Misuse of Brexit Polls:
First off, there's been a lot of talk about how disastrous polling was in the UK from Brexit and there's also been discussion about polling failures more generally. So I'll begin by talking about the poll results coming into Brexit. Some are using arguments that say polling was completely useless because there were polls showing Remain over Leave by a large margin the day before the polls. Of course, when we use polls we've gotta remember that any given poll comes with a margin of error, can be poorly done by a polling firm, the poll can be an outlier, and a whole host of other factors. In other words, there's a real problem taking one particular day or one particular poll too seriously.
In other words, properly using polling means that the most important factor to take into account are polling averages across a wide array of polls from different methodologies. If the polls are relatively accurate and in line with one another, then that tells us the polls have a better chance of being accurate. If the polls are all over the place (like it was with many Brexit polls), then you can basically toss them out for the most part.
In the specific case of Brexit, not only were many of the polls all over the place but the Huffington Post polling average basically had Leave and Remain neck and neck for weeks with a very small margin. In other words, a proper diagnosis of the polls--assuming they were representative of the population--should've told us that the chance of a Leave vs a Remain is basically close to 50/50. Sure enough, that's what we got. We also know that there were certain demographic components like the young favoring Remain by a large margin while older voters were favoring Leave alongside more educated voters favoring Remain while those less-educated favoring Leave. So what does that tell us? Well, we know that older voters have higher turnout and younger voters have lower turnout. So that fact alone would tell us that it may actually make sense to favor Leave because older voters will likely have higher turnout. However, the educational factor tells us the same thing about favoring Remain. In essence, we should've expected a very close vote.
So anyone saying that this Leave vote was ridiculous or absurd or totally unpredictable where the polls were completely wrong is really just not sound thinking. Quite frankly, that's just about as terrible as a use of polling as anyone could have. So why did the betting markets have Remain at such high odds?
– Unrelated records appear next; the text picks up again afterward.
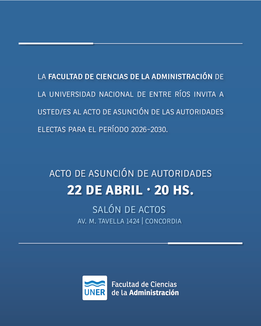 La Facultad de Ciencias de la Administración invita a la comunidad universitaria y al público en general a participar del acto de asunción de autoridades correspondientes al período 2026–2030.
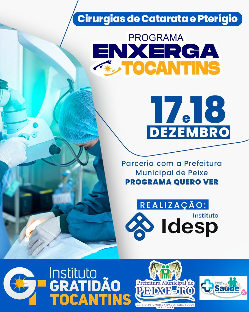 Em uma iniciativa visionária, o Instituto Gratidão Tocantins, idealizado pelo Deputado Estadual Gutierres Torquato, está promovendo o programa “Enxerga Tocantins.” Esta ação tem como objetivo realizar cirurgias de catarata e pterígio em vários municípios do Tocantins. Uma etapa de triagem já foi realizada em Gurupi e nesta segunda fase tem início as cirurgias, que serão realizadas no município de Peixe, nos dias 17 e 18 de dezembro, impactando positivamente a saúde ocular da comunidade local.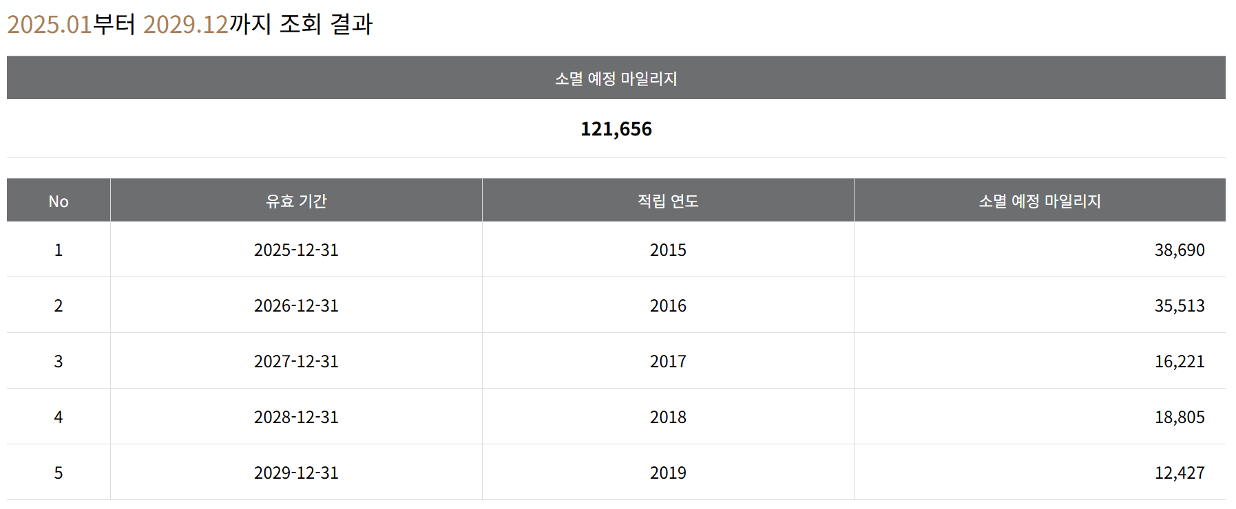 2025년 12월 38,690 마일리 소멸될 예정입니다.

I don't know, but if I had been given those kinds of odds before the election, I'd have taken them (I bought a straddle on a UK equity ETF expecting much higher volatility off things like this, on which I was correct).
US Polling More Reliable Than Foreign Countries:
Now, I'll discuss why American polling and American pollsters are simply more effective and better at accurate polling than other places. Much of this has to do with the American political structure which is a decentralized federal structure. We have 50 states that hold Senate and House elections every two years and Presidential elections every 4 years. We also have state polling, local polling, federal polling, and polling for both party primary elections and the general elections. Parliamentary systems, on the other hand, only have one election every few years with a referendum that's even more rare.
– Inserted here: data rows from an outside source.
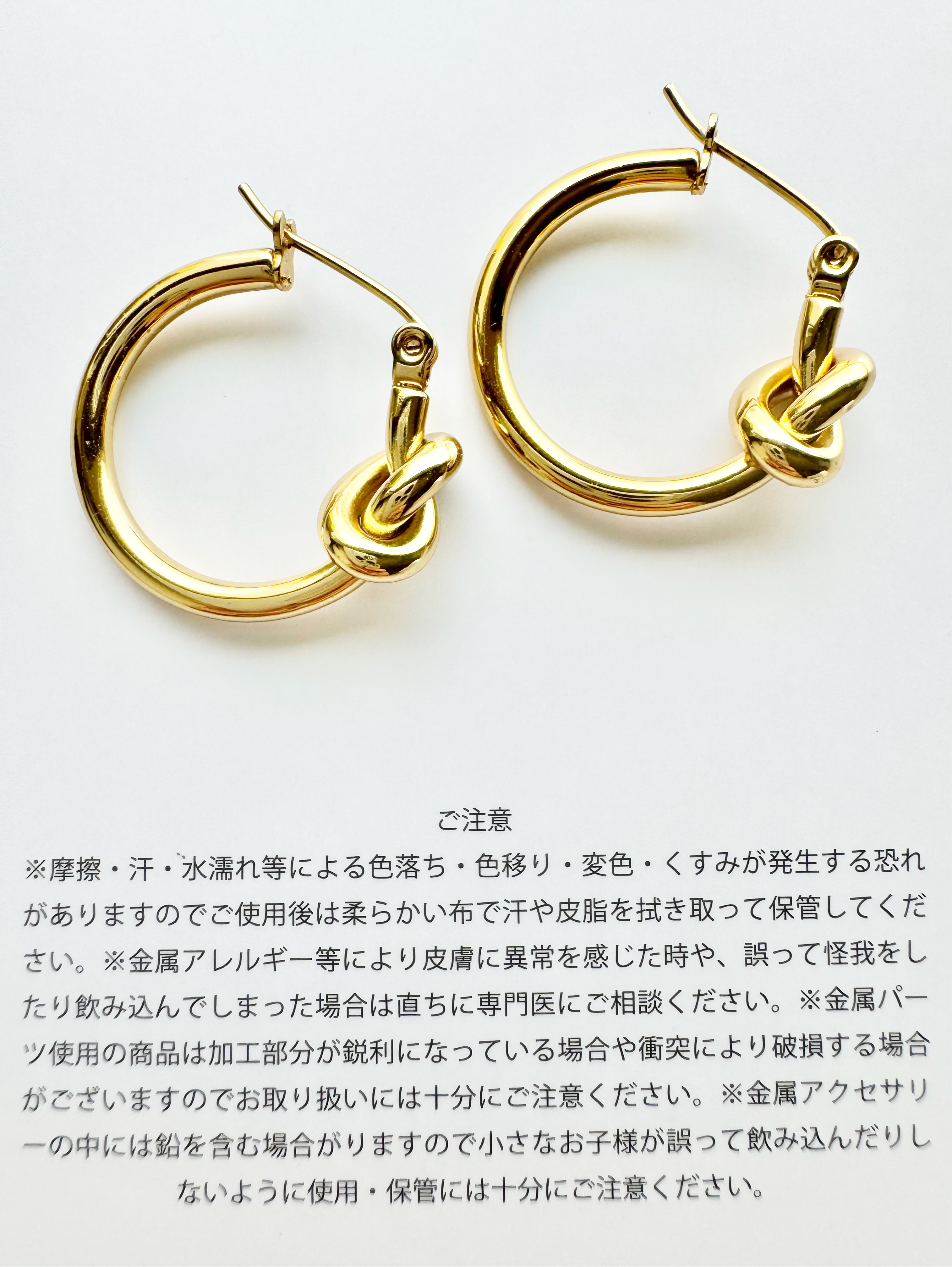 結び目デザインがオシャレで大人可愛い🤍 キャッチレスだから外れにくくて 落とす心配もないです🙆♀️◎ シンプルで大人可愛いデザインだから どんなコーディネートにも似合うよ🥰 金アレ対応のステンレスだから安心✨️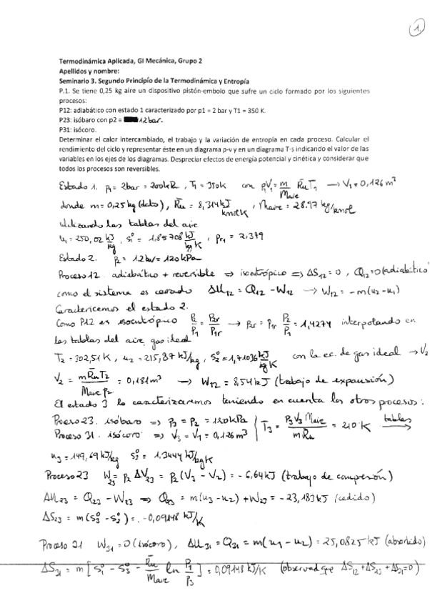 Ejercicios Resueltos del Tema 3 de Termodinámica Aplicada del 1ºParcial.Profesor: Damian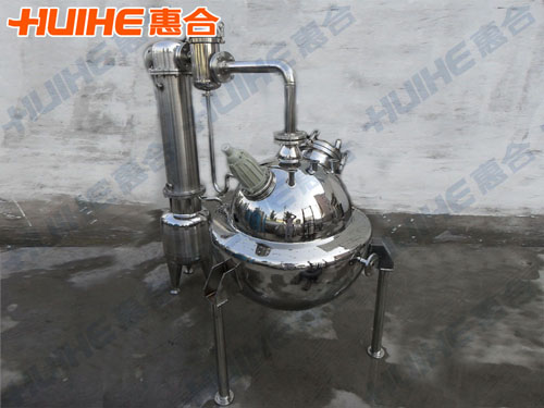 將球形濃縮器的真空口和進料口閥門打開,將液料抽入罐內(nèi),罐內(nèi)液面達到一定高度后,關(guān)閉進料閥,并緩緩開放蒸汽進口閥門,將罐內(nèi)液體的沸騰數(shù)分鐘后,注意保持該時的蒸汽壓力和真空程序(亦可通過溫度控制,使沸騰正常進行)。蒸餾液體通過分離器,其中部分回流至主體罐內(nèi)。不凝部分通過冷凝器冷凝成液進入受料桶,進行加收或排放,濃縮結(jié)束后,關(guān)閉真空口,蒸汽口閥門,打開放空口(即直嘴式旋塞閥)常壓后出料。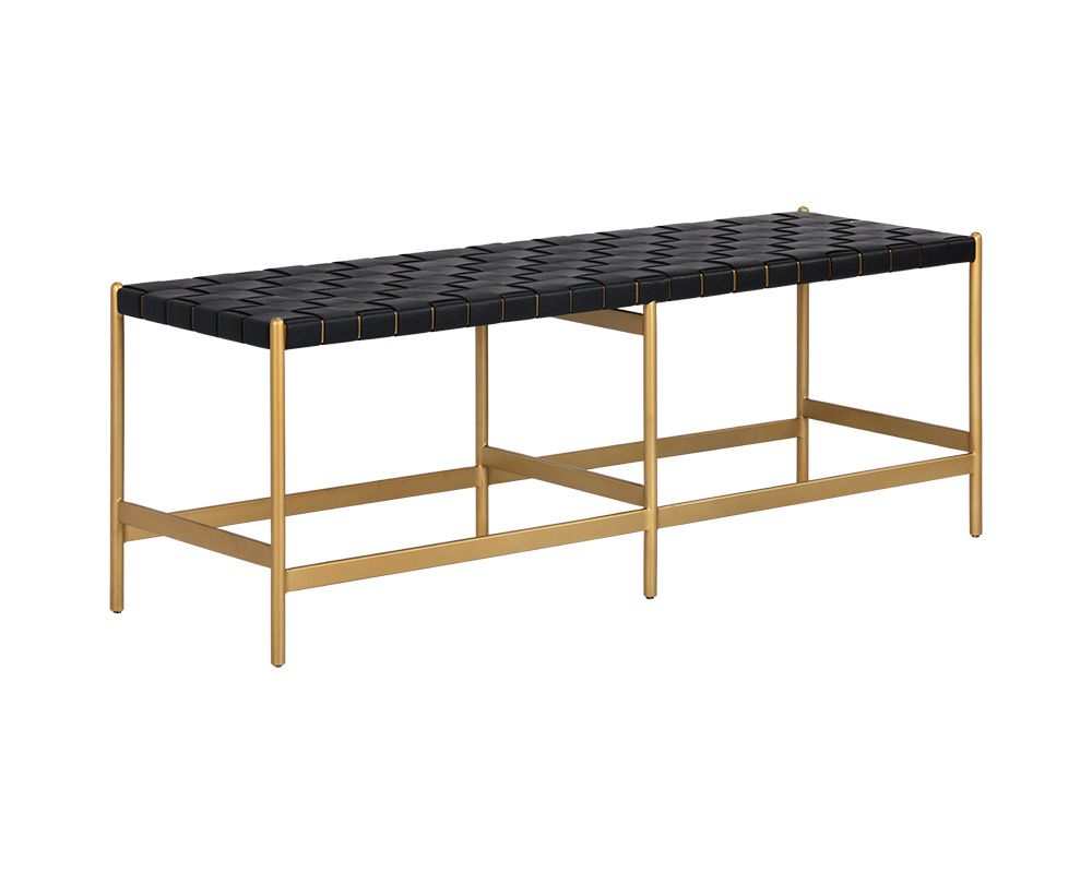Description: OMARI BENCH - GOLD - BLACK LEATHER

Now, I'll discuss why American polling and American pollsters are simply more effective and better at accurate polling than other places. Much of this has to do with the American political structure which is a decentralized federal structure. We have 50 states that hold Senate and House elections every two years and Presidential elections every 4 years. We also have state polling, local polling, federal polling, and polling for both party primary elections and the general elections. Parliamentary systems, on the other hand, only have one election every few years with a referendum that's even more rare.
In other words, the US political system allows for pollsters to do much more tinkering to adjust polls and find ways to limit error. If we take the UK as a simple example, they haven't had a referendum like this in a long time. They also had an election in 2015 with the previous elections in 2010, 2005, and 2000. In other words, they've got one election every 5 years where pollsters have to figure out--as a country--how they're gonna account for these shifts. In order to correct their polls, if you were to go back 4 elections that'd compromise an entire generation AND you only have 3-4 pieces of actual data on which to compare the polls with. Compared with the errors created by a new generation of voters, those kinds of adjustments done by data 5, 10, 15, and 20 years ago are essentially useless because of shifts in demographics.
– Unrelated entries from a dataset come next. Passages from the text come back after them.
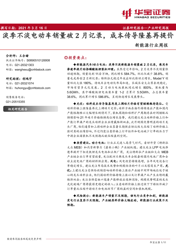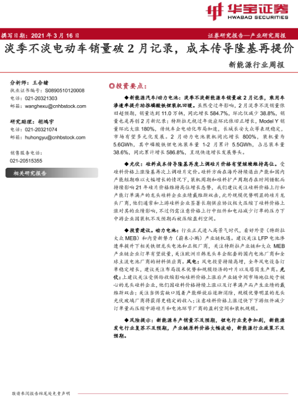 【华宝证券】【20210316】20210316-华宝证券-新能源行业周报:淡季不淡电动车销量破2月记录,成本传导隆基再提价-11页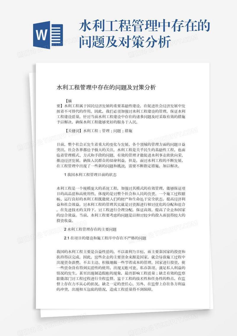 本作品为水利工程管理中存在的问题及对策分析, 编号:k9g5llprb1, 格式为 docx, 大小1 MB, 本作品下载后,先解压,解压之后用推荐软件 Word(2010) 打开, 然后进行编辑功能。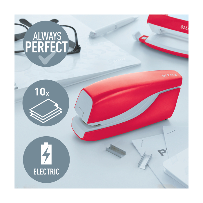 Elektrická zošívačka Leitz New NeXXt WOW. Vďaka jednoduchému ovládaniu jednou rukou je ideálna na časté používanie. Technológia s napájaním na batérie na zošívanie v pohybe. V žiarivých farbách WOW. Batérie (4× 1,5 V AAA LR03) nie sú súčasťou balenia. Kapacita 10 listov. Náhradné spinky ES556800. Farba červená.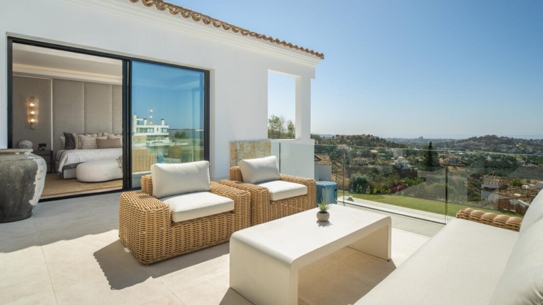 Introducing Villa Celeste, a stunning new-build villa in El Herrojo, Benahavis that redefines modern luxury with a playful twist on traditional Mediterranean and French Provencal aesthetics. Designed by the esteemed GC Studio, this architectural masterpiece seamlessly marries natural materials with traditional roof tiles on a charming gable rooftop, creating a residence of distinctive sophistication.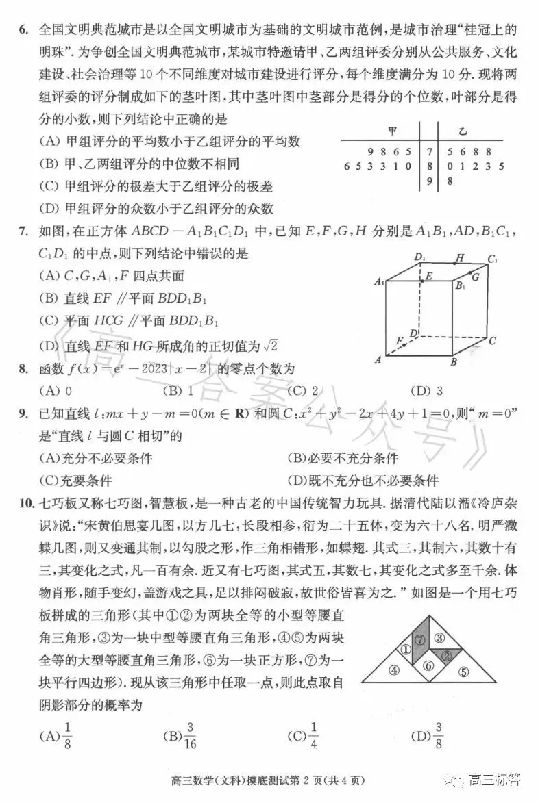 二、2024成都零诊文科数学试卷及答案解析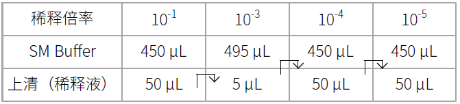 ① 稍微离心(3,000×g,5ec)包装反应后的噬菌体液,沉降残留,使用SM Buffer 105倍(100,000倍)稀释4)上清。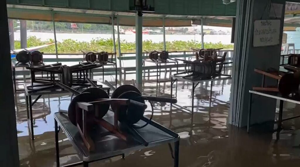 6 ต.ค.- น้ำเจ้าพระยาล้นข้ามถนนเข้าท่วมบ้านกว่า 30 หลังคาเรือน ต.ชีน้ำร้าย อ.อินทร์บุรี จ.สิงห์บุรี ส่วนชุมชุนริมท่าน้ำปากเกร็ด เริ่มกระทบ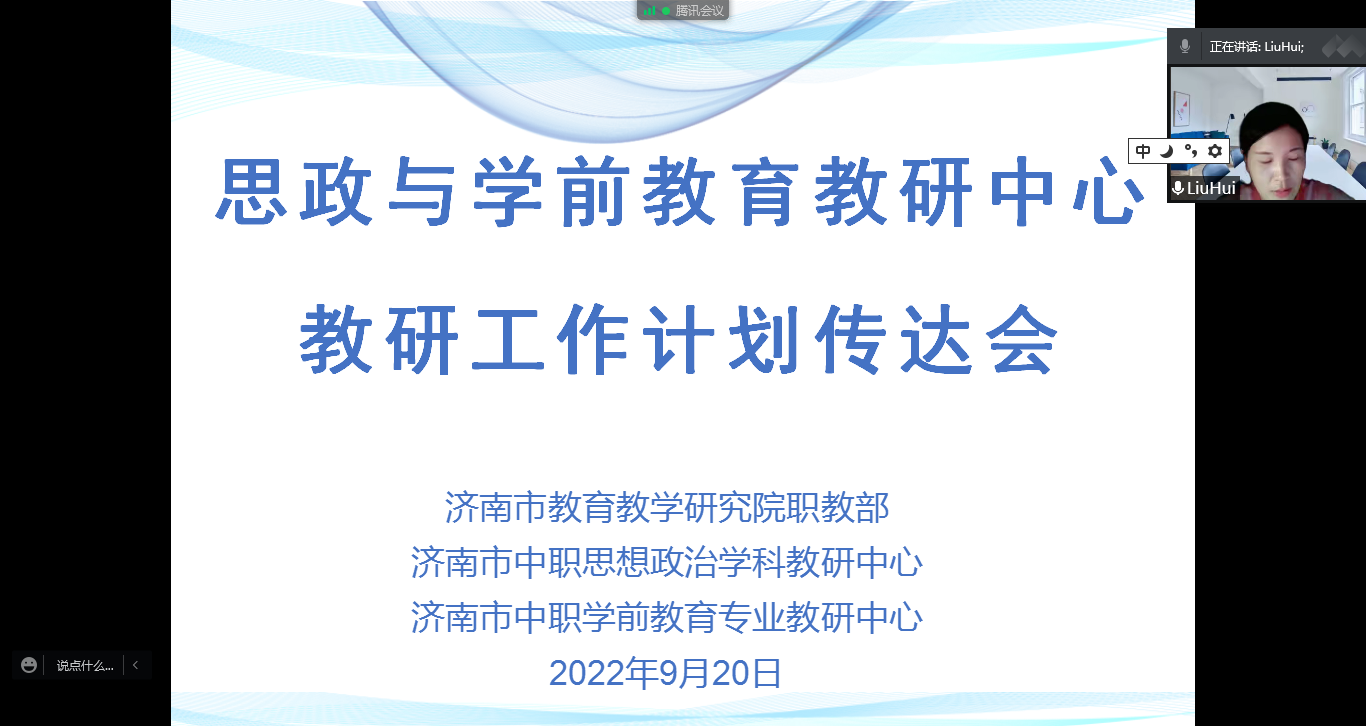 9月20日下午,济南市中职思政学科与学前教育专业教研中心联合召开教研活动并传达2022年下半年教研工作计划。济南市教研院中职思政学科和学前教育专业教研员刘慧、济南市中职思政学科和学前教育专业中心组成员、各中职学校思政学科和学前教育专业教研组长及骨干教师参加了本次教研活动。 本次活动采用腾讯会议的形式,由济南市中职思政教研中心副主任苗成义主持。会议共分三个阶段:第一阶段由市教研院教研员刘慧就暑假到现在思政学科和学前教育专业开展的各项活动进行了总结,同时对本学期思想政治学科和学前教育专业教研工作计划进行了传达。刘慧老师结合已经结束的思政理论课教学比赛、中职班主任能力大赛、中职教师教学能力比赛等活动,对两个中心老师的表现给予了肯定,对老师们的执着精神和认真负责的态度表示赞赏。对本学期即将开展的名师送教送研、议题式教学教研、联合普高共同教研、幼儿保育专业技能大赛、学前教育专业联合命题等工作进行了部署安排。第二阶段由济南市中职思政教研中心副主任苗成义就本学期思想政治教研中心教研工作计划进行了传达,并对《中国特色社会主义》和《哲学与人生》授课进度进行了解释说明。第三阶段由济南市学前教育专业教研中心副主任郝玲就本学期学前教育专业教研中心教研工作计划进行了传达。 本次教研活动对本学期教研工作进行了详实全面的安排部署,与会老师一致认为,通过本次活动明确了本学期教研工作的指导思想,找了教研工作的总抓手。思政学科和学前教育专业教研中心将继续在市教研院职教部的指导下以立德树人为根本任务,以培育学生核心素养为抓手,不断提升研究与服务水平,提高教育教学质量,以实际行动迎接党的二十大,培根铸魂育新人。(职教部)

However, in the US, we've got 50 different states each with their own polling, their own demographics, and they hold 2-3 sets of elections every 2 years. We also have a much larger and more diverse country which means we can use demographic factors like age, race, gender, income, etc much more effectively to weight our polls in order to reduce our errors. One major advantage in terms of a general election for President of the United States is that we know where most states are gonna line up going into the November of a Presidential year. Since we have an electoral college format in our elections, we can go into almost all elections knowing what most of the results are gonna be. If the exit polling, regional, and demographic data match up with the polls, we can call our elections almost immediately. In parliamentary democracies where there's just not the level of size or diversity and they hold elections between centralized parties, they simply do not have those advantages.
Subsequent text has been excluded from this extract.